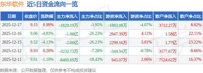 证券之星消息,截至2025年12月17日收盘,东华软件(002065)报收于9.15元,上涨0.99%,换手率1.76%,成交量51.06万手,成交额4.63亿元。
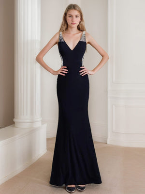 Sexy Trumpet/Mermaid V-Neck Sleeveless Evening Dresses with Pearl
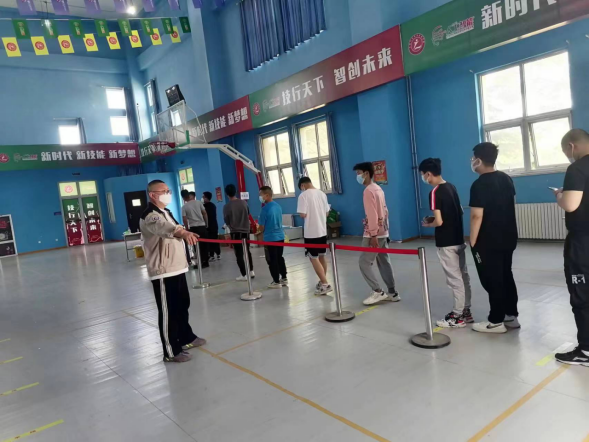 核酸检测工作需各部门高度协同,为有条不紊的推进工作,在学生返校前,防控办牵头,办公室、学保处、科研信息处、纪委办和各二级学院抽调专人,组建了全员核酸检测应急队伍,邀请大信镇政府工作人员对应急队伍进行了培训,对现场布置、网络和设备调试、现场组织、核酸采用、样本运转、场地通风消毒等进行了演练。
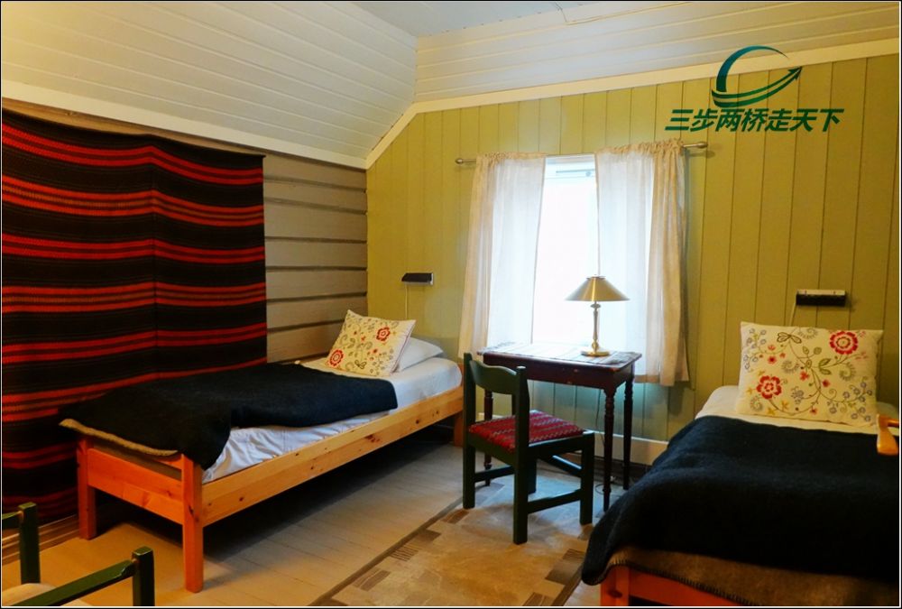 我一人入住的房间。每晚收费595NOK/人, 包早餐。
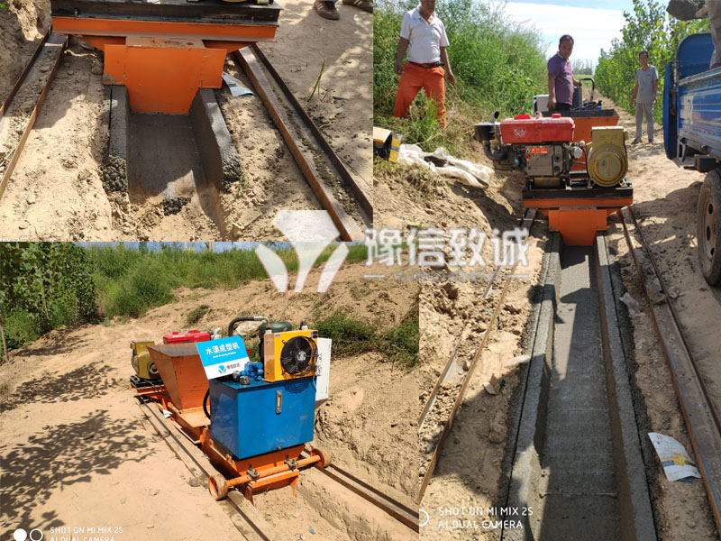 這種農村用的小水溝,使用水渠成型機是毫無問題的。因為水溝小,機器工作速度特別快。

Task brief:
Return the material above exactly; the images stay out.

Output of the task:
 证券之星消息,截至2025年12月17日收盘,东华软件(002065)报收于9.15元,上涨0.99%,换手率1.76%,成交量51.06万手,成交额4.63亿元。
 Sexy Trumpet/Mermaid V-Neck Sleeveless Evening Dresses with Pearl
 核酸检测工作需各部门高度协同,为有条不紊的推进工作,在学生返校前,防控办牵头,办公室、学保处、科研信息处、纪委办和各二级学院抽调专人,组建了全员核酸检测应急队伍,邀请大信镇政府工作人员对应急队伍进行了培训,对现场布置、网络和设备调试、现场组织、核酸采用、样本运转、场地通风消毒等进行了演练。
 我一人入住的房间。每晚收费595NOK/人, 包早餐。
 這種農村用的小水溝,使用水渠成型機是毫無問題的。因為水溝小,機器工作速度特別快。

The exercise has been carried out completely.